Wednesday, September 4, 2013
The Glass Castle - by Jeannette Walls
Although I lived for a time in the Rio Grande Valley of Texas and witnessed neighborhoods where the residents lived in corrugated steel houses without running water or electricity, I could never have imagined the true depth of the poverty. Walls' memoir tells the story of a family constantly on the move, often going hungry for days, her alcoholic father and negligent mother always a step ahead of the creditors. The family often slept outside, or in their car. When they had homes there was never money for repairs so collapsing floors, porches and ceilings were a normal part of life for the author and her three siblings. Although they sometimes went to school, and sometimes didn't, the Walls children were all taught to read by their mother, and learned the value of the public library. They found and used the library whenever they moved and despite the family's dysfunction, they all enjoyed reading together and "read whatever Mom brought home from her weekly trips to the library."
After the family moved from the southwest to West Virginia Walls used the public library to research options on how the family might improve its situation. And, she also discovers the sad truth that librarians aren't always able to answer questions. When she realized that her family would never be able to afford braces for her, she asked for a book on orthodontia. "The librarian looked at me funny and said she didn't have one, so I realized I'd have to figure it out as I went along." After experimenting she came up with a device to wear at night made from a coat hanger, rubber bands and a "Kotex sanitary napkin for padding".
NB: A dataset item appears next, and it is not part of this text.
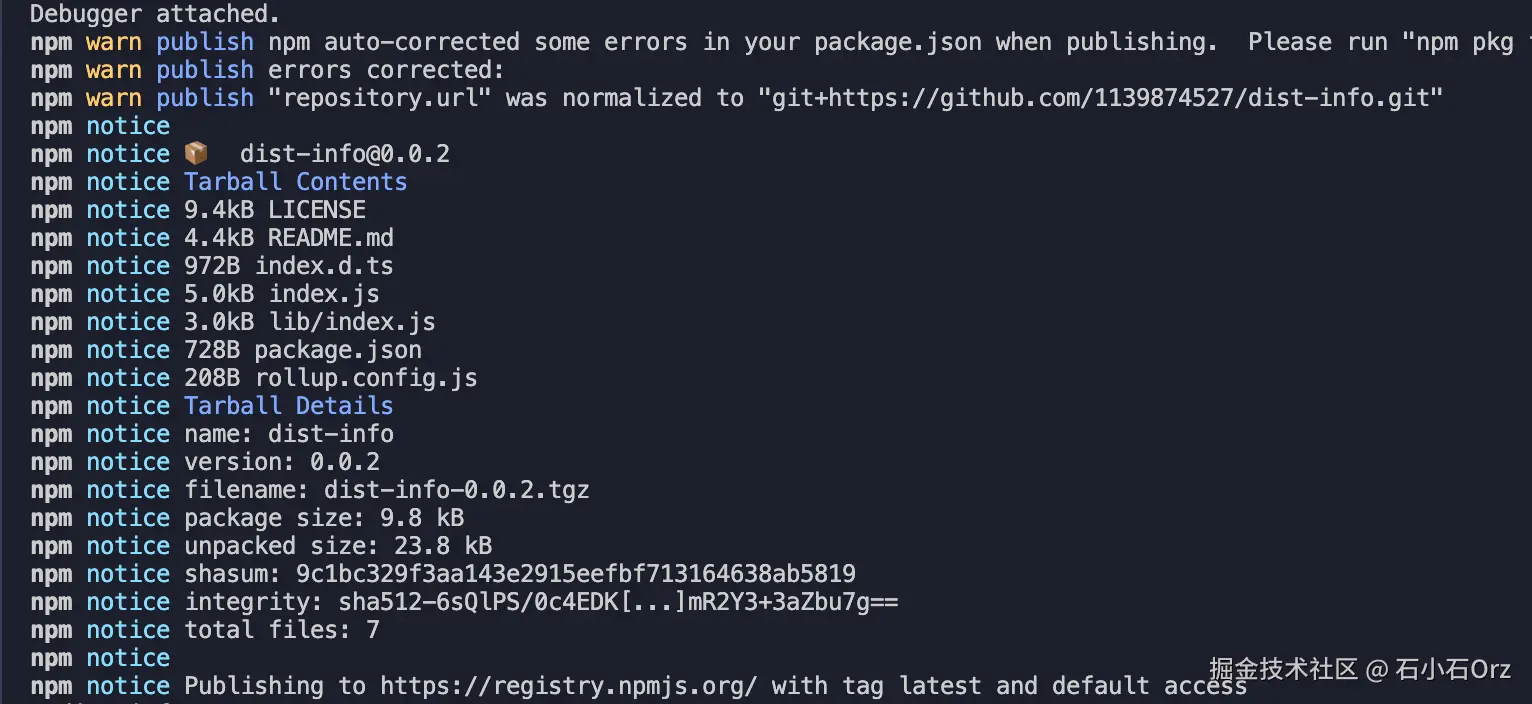 登录后,我们在Trae的控制台输入npm publish,出现下图的输出信息后即可发布成功。
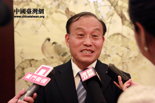 第四屆津臺投資合作洽談會暨2011天津·臺灣名品博覽會新聞發布會7月5日在津舉辦。臺北世貿中心副秘書長黃文榮接受記者采訪。(中國臺灣網 馬迪 攝)

As they got older the Walls children planned an escape to New York, where after a few false starts they all eventually ended up. Ultimately their parents joined them, although they remained homeless, even as the children got jobs and found their own shelter. The elder Walls' discovered "the public libraries with the good bathrooms where you could wash thoroughly - 'We wash as far down as possible and as far up as possible, but we don't wash possible,' was how Mom put it..." as well they made use of the libraries that were open late when the weather got cold. However, they also used the library to find reading material, and when Walls enrolled in Barnard University her father followed her assigned readings by borrowing the books from the library and "read every single one...so he could answer any questions [his daughter] might have...it was his way of getting a college education." When she got a job writing a column about "movers and shakers" for a magazine her father not only became a faithful reader, he researched "the skinny dames and fat cats" she wrote about at the library and gave her tips.
Even amid severe turmoil, a good library will provide stability.